Material for this exercise —

☆ ☆ ☆ ☆ ☆ ☆ ☆

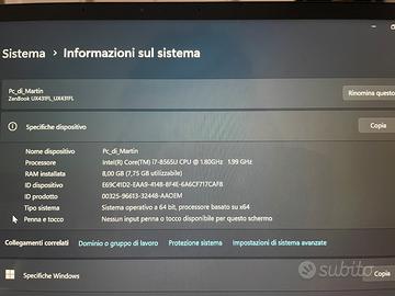Vendo ASUS ZenBook UX431F in ottime condizioni, usato con cura. Perfetto per lavoro, studio o uso quotidiano, grazie al suo design sottile, alla costruzione in alluminio e alla qualità audio Harman/Kardon.
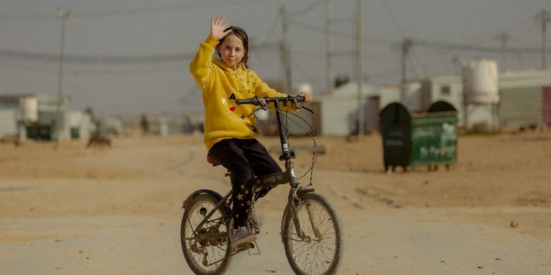 Jana*, age 13, pictured at the top of this page, is riding her bicycle from her home to the Coaching for Life pitch. The Coaching for Life programme uses the power of football to improve the physical, mental, and emotional wellbeing of children.
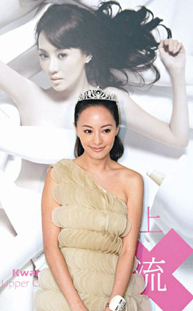 關(guān)穎的新書記者會,身后照片突破入行以來拍攝最大尺度。圖片來源:臺灣《聯(lián)合報》
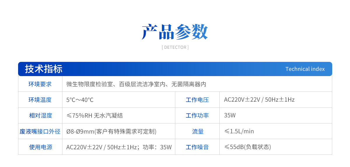 | ① 环境要求:微生物限度检验室、百级层流洁净室内、无菌隔离器内 ② 环境温度:5℃~40℃ ③ 相对湿度:≤75%RH 无水汽凝结 ④ 废液嘴接口外径:Ø8-Ø9mm(客户有特殊需求可定制) ⑤ 使用电源:AC220V±22V / 50Hz±1Hz;功率:35W |
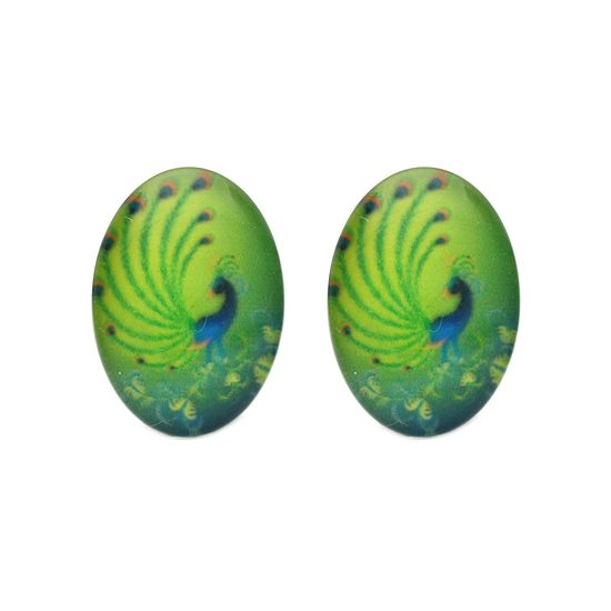Green Peacock Oval Shape Glass Print Clip on Earrings
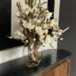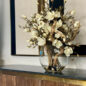 Uno de nuestros jarrones de cristal más populares, nuestro jarrón Luna de 16″ con múltiples tallos de flores de magnolia, follaje y madera fantasma tratada con chorro de arena, anclado en nuestra agua de imitación. Disponible en melocotón o blanco. Disfrute de hermosas y realistas ramas de magnolio que no se marchitarán cuando despierte la primavera. Exhibidas aquí en un elegante macetero de cristal transparente, las flores de magnolia
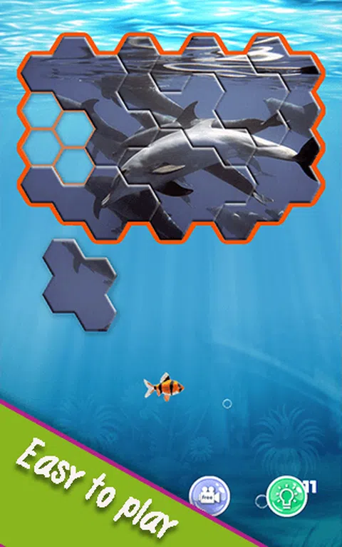 六边形方块拼图是一款超棒的拼图益智游戏,具有大量的拼图关卡,只需将六边形方块填满即可填补空白并上升到下一个级别。扩展您的六边形方块拼图技能,让自己进入有趣的模式。你会发现很多很棒的鲨鱼、章鱼、海豹和珊瑚六边形拼图图片,你会喜欢的。您可以随时随地免费玩这款六边形方块益智游戏,因为它没有时间限制,也不需要WiFi。大量独特的六边形方块拼图关卡,让你不再无聊。 玩六边形方块拼图,通过各种鱼类、鲨鱼、章鱼、海豹和珊瑚的水下图片获得终极娱乐。所有六边形方块级别都经过精心设计,为您的孩子提供终极思维和乐趣。 如何玩六边形方块游戏? - 只需拖动给定的六边形方块。 - 将碎片放入六边形拼图板。 -完成水下拼图图片。 没有时间限制!一款有趣而放松的六边形拼图游戏。以您自己的速度玩经典拼图!您可以通过使用提示获得帮助! 六边形方块益智游戏的特点: ☆ 可爱的水下图片。 ☆ 独特的拼图关卡。 ☆ 优雅的设计。 ☆ 简单易玩的拼图游戏,但关卡可能非常棘手! ☆ 棘手的关卡,让您的大脑整天运转! ☆ 每次都有愉快的游戏! ☆ 平静的大自然和超棒的海洋生物拼图图片。 ☆ 令人惊叹的高清图形,尽享乐趣! ☆ 免费游戏,您可以在没有WiFi的情况下玩六边形拼图! 你喜欢海底世界吗?太棒了
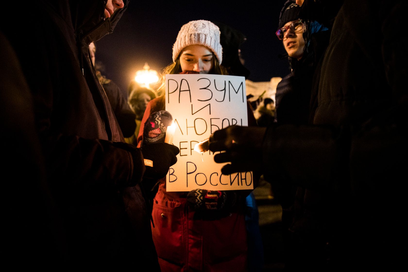 «Передавайте зажигалки», — попросили активисты. Вместе с зажигалками над головами стали передавать цветы. Кто-то раздавал черные листы с датой «25.03.18» и надписью «Помним», некоторые зажгли в руках церковные восковые свечи. В небо полетели белые шары. На какое-то время в толпе появились Алексей Навальный с женой Юлией, политики Григорий Явлинский и Дмитрий Гудков; они не давали комментариев и пытались раствориться в толпе.

☆ ☆ ☆ ☆ ☆ ☆ ☆

What the task asks —
The expected output is the full material above, unaltered, with pictures removed.

Result —
Vendo ASUS ZenBook UX431F in ottime condizioni, usato con cura. Perfetto per lavoro, studio o uso quotidiano, grazie al suo design sottile, alla costruzione in alluminio e alla qualità audio Harman/Kardon.
 Jana*, age 13, pictured at the top of this page, is riding her bicycle from her home to the Coaching for Life pitch. The Coaching for Life programme uses the power of football to improve the physical, mental, and emotional wellbeing of children.
 關(guān)穎的新書記者會,身后照片突破入行以來拍攝最大尺度。圖片來源:臺灣《聯(lián)合報》
 | ① 环境要求:微生物限度检验室、百级层流洁净室内、无菌隔离器内 ② 环境温度:5℃~40℃ ③ 相对湿度:≤75%RH 无水汽凝结 ④ 废液嘴接口外径:Ø8-Ø9mm(客户有特殊需求可定制) ⑤ 使用电源:AC220V±22V / 50Hz±1Hz;功率:35W |
Green Peacock Oval Shape Glass Print Clip on Earrings
 Uno de nuestros jarrones de cristal más populares, nuestro jarrón Luna de 16″ con múltiples tallos de flores de magnolia, follaje y madera fantasma tratada con chorro de arena, anclado en nuestra agua de imitación. Disponible en melocotón o blanco. Disfrute de hermosas y realistas ramas de magnolio que no se marchitarán cuando despierte la primavera. Exhibidas aquí en un elegante macetero de cristal transparente, las flores de magnolia
 六边形方块拼图是一款超棒的拼图益智游戏,具有大量的拼图关卡,只需将六边形方块填满即可填补空白并上升到下一个级别。扩展您的六边形方块拼图技能,让自己进入有趣的模式。你会发现很多很棒的鲨鱼、章鱼、海豹和珊瑚六边形拼图图片,你会喜欢的。您可以随时随地免费玩这款六边形方块益智游戏,因为它没有时间限制,也不需要WiFi。大量独特的六边形方块拼图关卡,让你不再无聊。 玩六边形方块拼图,通过各种鱼类、鲨鱼、章鱼、海豹和珊瑚的水下图片获得终极娱乐。所有六边形方块级别都经过精心设计,为您的孩子提供终极思维和乐趣。 如何玩六边形方块游戏? - 只需拖动给定的六边形方块。 - 将碎片放入六边形拼图板。 -完成水下拼图图片。 没有时间限制!一款有趣而放松的六边形拼图游戏。以您自己的速度玩经典拼图!您可以通过使用提示获得帮助! 六边形方块益智游戏的特点: ☆ 可爱的水下图片。 ☆ 独特的拼图关卡。 ☆ 优雅的设计。 ☆ 简单易玩的拼图游戏,但关卡可能非常棘手! ☆ 棘手的关卡,让您的大脑整天运转! ☆ 每次都有愉快的游戏! ☆ 平静的大自然和超棒的海洋生物拼图图片。 ☆ 令人惊叹的高清图形,尽享乐趣! ☆ 免费游戏,您可以在没有WiFi的情况下玩六边形拼图! 你喜欢海底世界吗?太棒了
 «Передавайте зажигалки», — попросили активисты. Вместе с зажигалками над головами стали передавать цветы. Кто-то раздавал черные листы с датой «25.03.18» и надписью «Помним», некоторые зажгли в руках церковные восковые свечи. В небо полетели белые шары. На какое-то время в толпе появились Алексей Навальный с женой Юлией, политики Григорий Явлинский и Дмитрий Гудков; они не давали комментариев и пытались раствориться в толпе.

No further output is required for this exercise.